◆ Task input

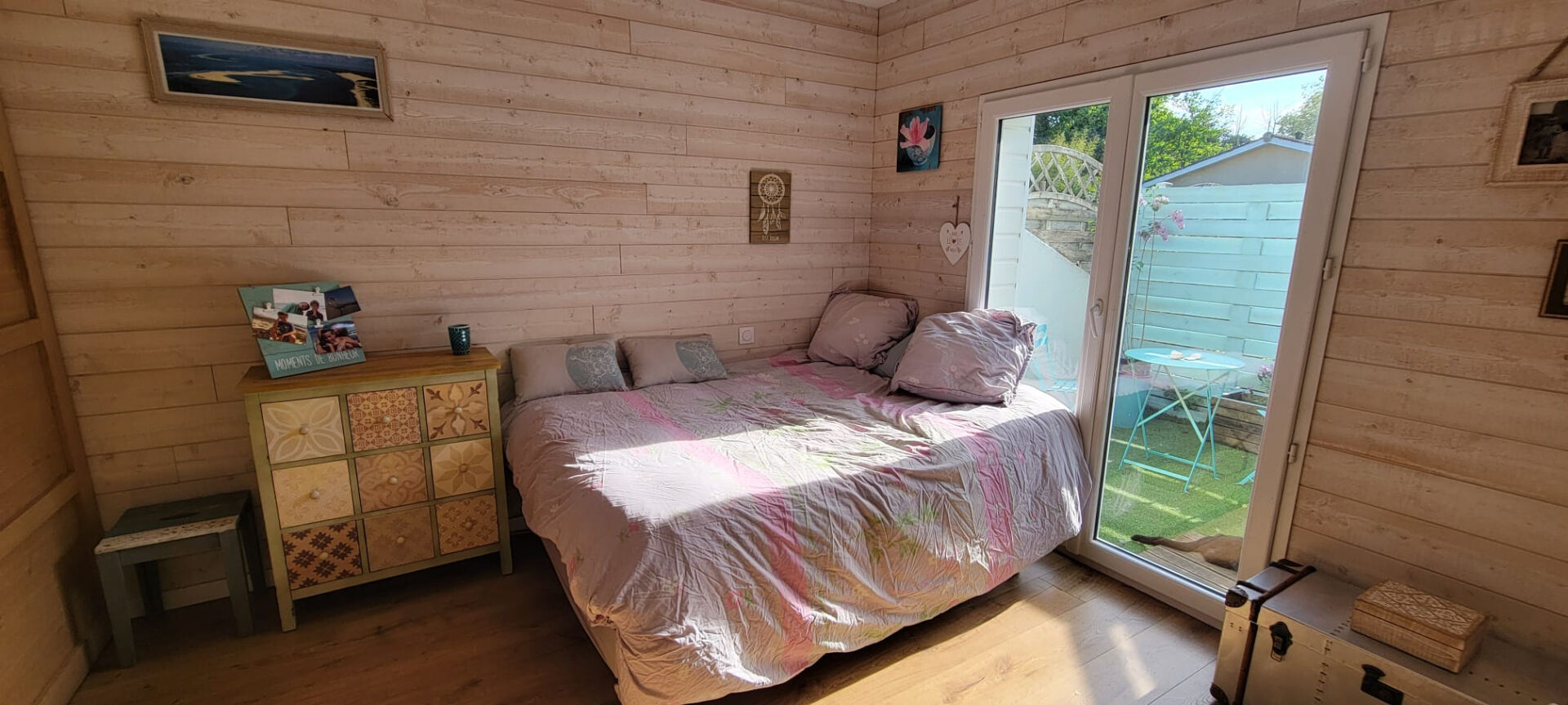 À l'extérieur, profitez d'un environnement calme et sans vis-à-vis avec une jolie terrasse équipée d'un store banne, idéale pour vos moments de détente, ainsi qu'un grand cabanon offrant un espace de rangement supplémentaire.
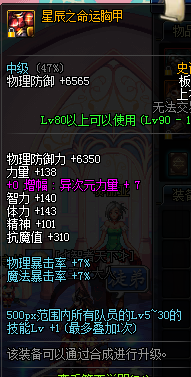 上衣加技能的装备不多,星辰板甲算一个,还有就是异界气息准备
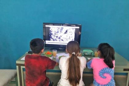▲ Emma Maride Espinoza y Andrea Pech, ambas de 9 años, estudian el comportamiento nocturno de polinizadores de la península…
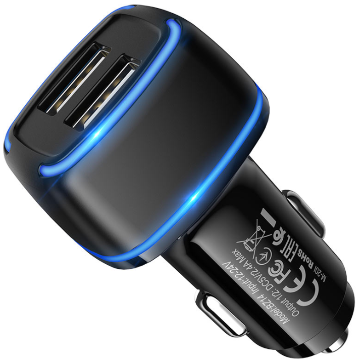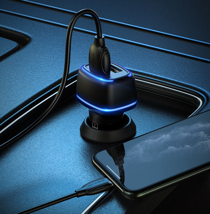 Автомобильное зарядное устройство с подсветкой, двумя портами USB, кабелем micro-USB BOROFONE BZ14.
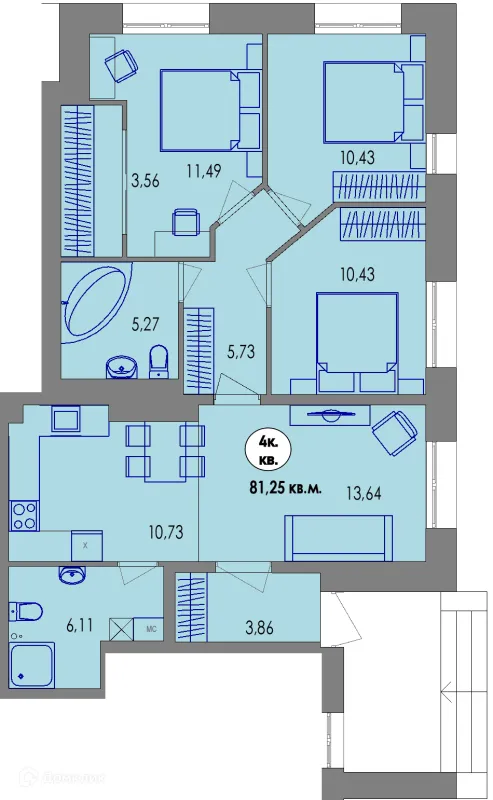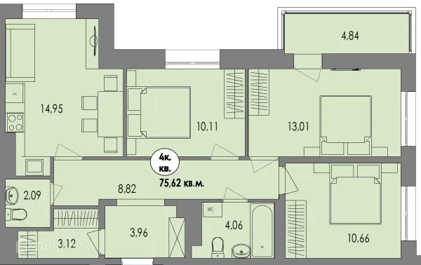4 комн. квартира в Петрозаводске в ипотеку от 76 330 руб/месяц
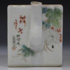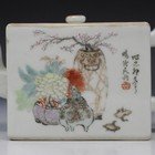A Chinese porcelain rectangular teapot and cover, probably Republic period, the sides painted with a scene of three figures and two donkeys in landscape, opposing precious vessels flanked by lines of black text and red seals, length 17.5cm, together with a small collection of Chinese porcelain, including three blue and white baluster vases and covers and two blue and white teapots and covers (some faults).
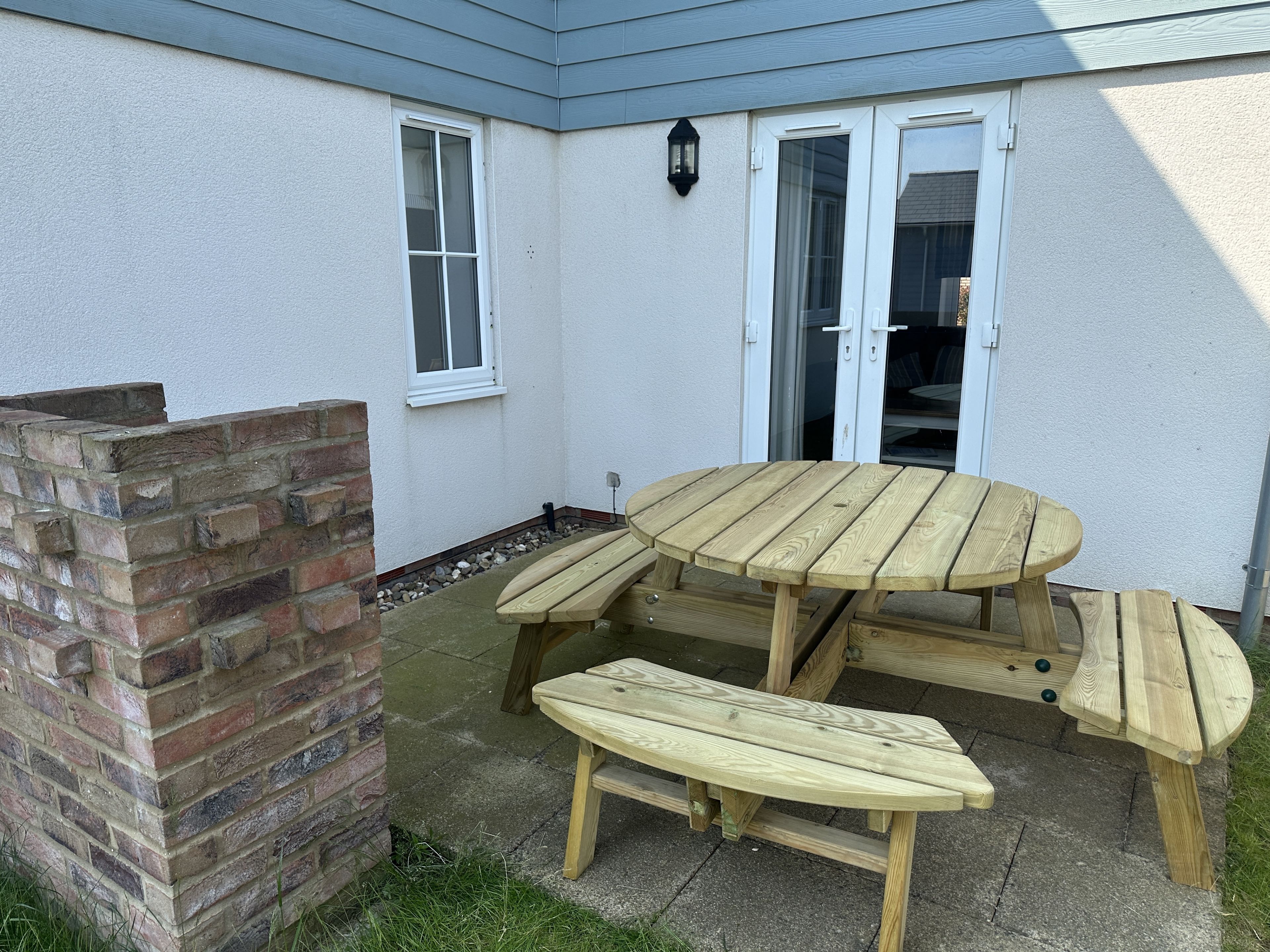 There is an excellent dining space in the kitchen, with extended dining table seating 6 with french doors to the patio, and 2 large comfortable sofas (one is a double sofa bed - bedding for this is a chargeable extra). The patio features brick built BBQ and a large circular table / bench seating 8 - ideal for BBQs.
...
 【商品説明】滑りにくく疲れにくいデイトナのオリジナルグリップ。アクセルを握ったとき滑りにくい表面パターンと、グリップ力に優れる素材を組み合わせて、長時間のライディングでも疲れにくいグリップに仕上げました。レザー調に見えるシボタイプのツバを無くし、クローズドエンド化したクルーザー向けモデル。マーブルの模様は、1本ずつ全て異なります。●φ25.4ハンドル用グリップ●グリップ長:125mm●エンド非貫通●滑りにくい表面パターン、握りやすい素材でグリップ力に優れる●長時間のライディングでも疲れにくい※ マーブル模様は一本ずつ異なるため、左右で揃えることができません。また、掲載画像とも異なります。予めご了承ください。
--
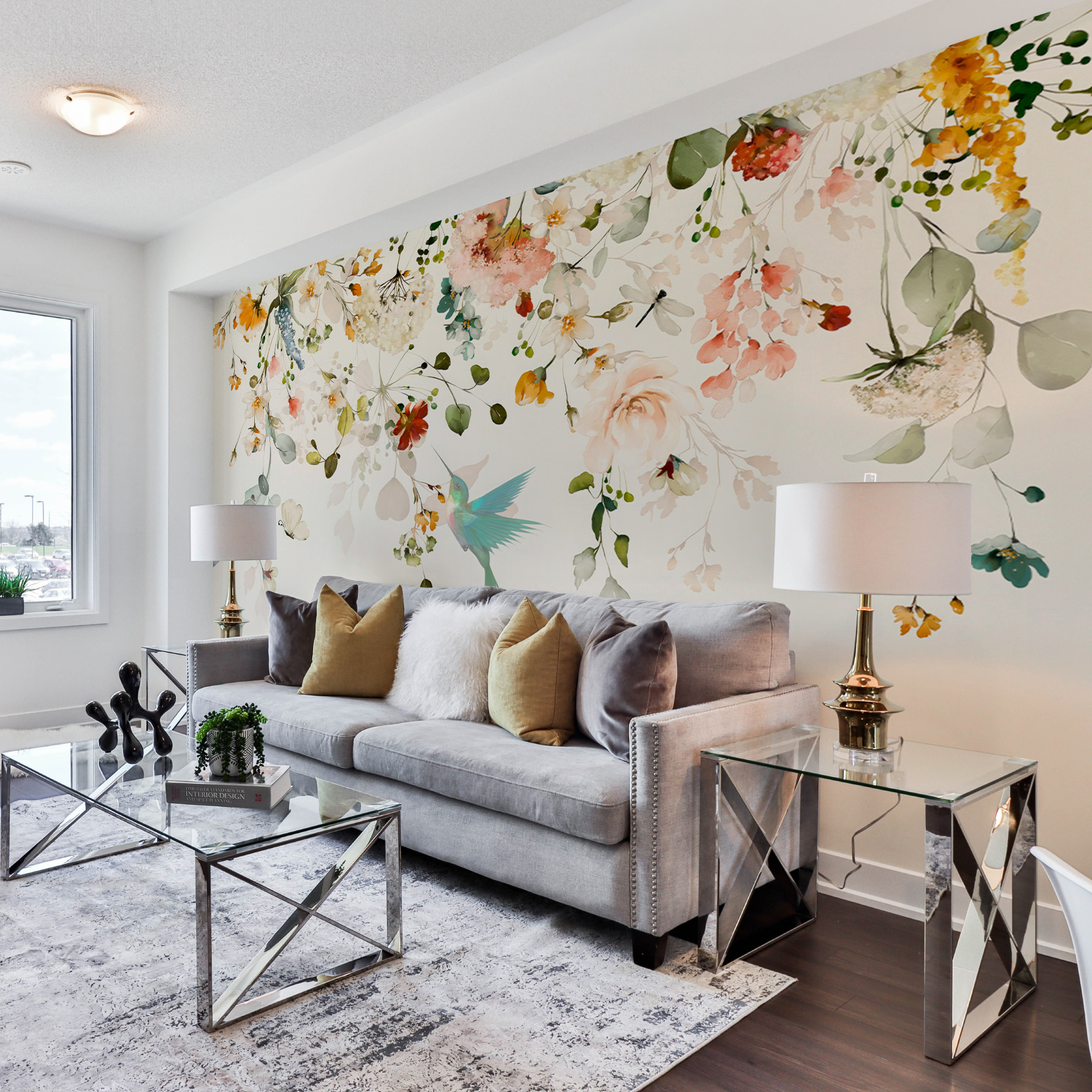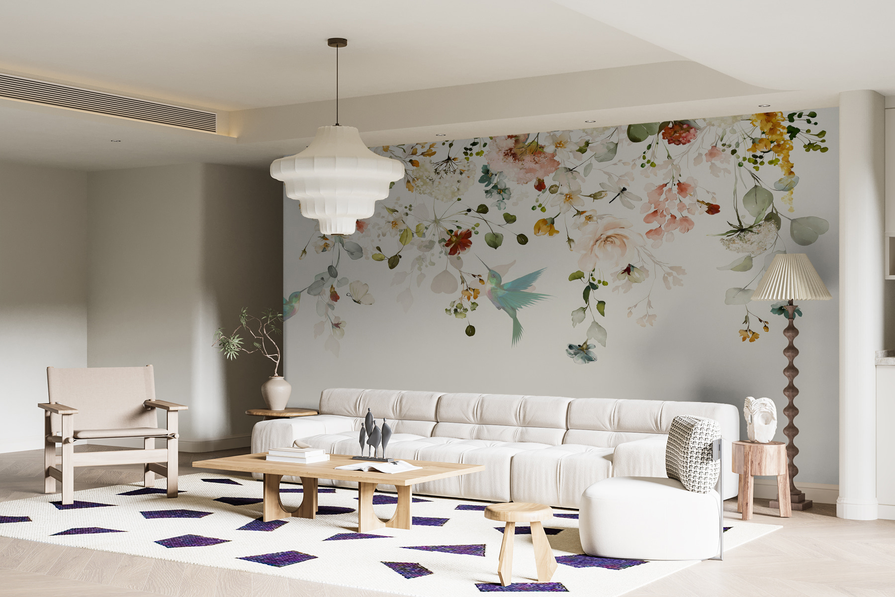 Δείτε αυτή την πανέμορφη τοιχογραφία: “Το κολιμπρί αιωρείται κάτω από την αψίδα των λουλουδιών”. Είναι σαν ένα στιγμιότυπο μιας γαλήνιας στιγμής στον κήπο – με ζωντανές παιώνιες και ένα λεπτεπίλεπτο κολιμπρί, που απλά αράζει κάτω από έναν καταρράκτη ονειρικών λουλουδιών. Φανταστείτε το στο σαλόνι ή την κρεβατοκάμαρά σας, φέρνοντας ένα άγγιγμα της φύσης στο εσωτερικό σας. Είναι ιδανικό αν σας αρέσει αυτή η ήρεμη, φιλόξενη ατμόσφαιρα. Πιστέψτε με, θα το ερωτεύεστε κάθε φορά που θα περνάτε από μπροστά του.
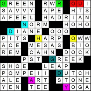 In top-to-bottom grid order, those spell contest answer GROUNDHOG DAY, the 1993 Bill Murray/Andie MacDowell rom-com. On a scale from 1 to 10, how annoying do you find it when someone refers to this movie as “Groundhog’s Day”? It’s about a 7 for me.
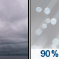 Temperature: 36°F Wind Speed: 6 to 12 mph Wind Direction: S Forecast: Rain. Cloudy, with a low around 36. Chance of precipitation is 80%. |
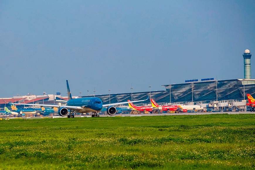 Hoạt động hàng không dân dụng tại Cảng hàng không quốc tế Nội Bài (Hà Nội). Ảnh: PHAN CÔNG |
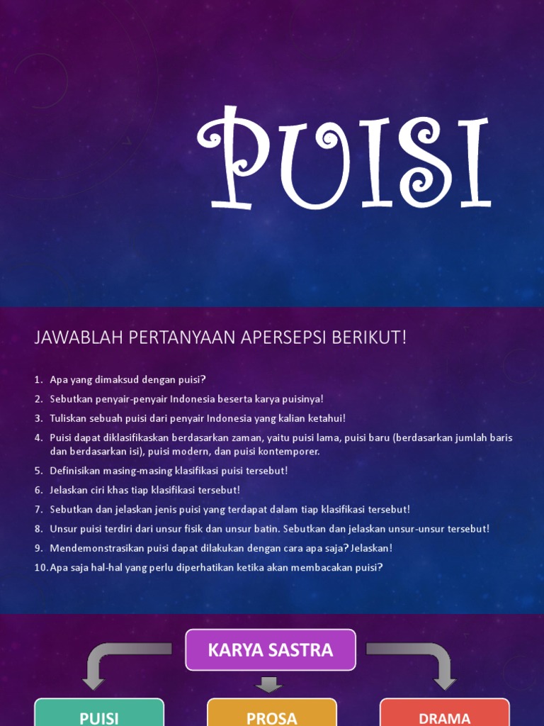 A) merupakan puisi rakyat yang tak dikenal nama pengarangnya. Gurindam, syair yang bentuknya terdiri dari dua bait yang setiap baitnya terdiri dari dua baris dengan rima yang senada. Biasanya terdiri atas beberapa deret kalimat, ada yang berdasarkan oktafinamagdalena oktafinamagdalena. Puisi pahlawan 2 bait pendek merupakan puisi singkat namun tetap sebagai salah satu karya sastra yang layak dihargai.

◆ Exercise prompt
Quote word for word only the lines above from the one containing "À l'extérieur, profitez" through the one containing "4 комн. квартира". Pictures stay out of your copy.

◆ Task response
 À l'extérieur, profitez d'un environnement calme et sans vis-à-vis avec une jolie terrasse équipée d'un store banne, idéale pour vos moments de détente, ainsi qu'un grand cabanon offrant un espace de rangement supplémentaire.
 上衣加技能的装备不多,星辰板甲算一个,还有就是异界气息准备
▲ Emma Maride Espinoza y Andrea Pech, ambas de 9 años, estudian el comportamiento nocturno de polinizadores de la península…
 Автомобильное зарядное устройство с подсветкой, двумя портами USB, кабелем micro-USB BOROFONE BZ14.
4 комн. квартира в Петрозаводске в ипотеку от 76 330 руб/месяц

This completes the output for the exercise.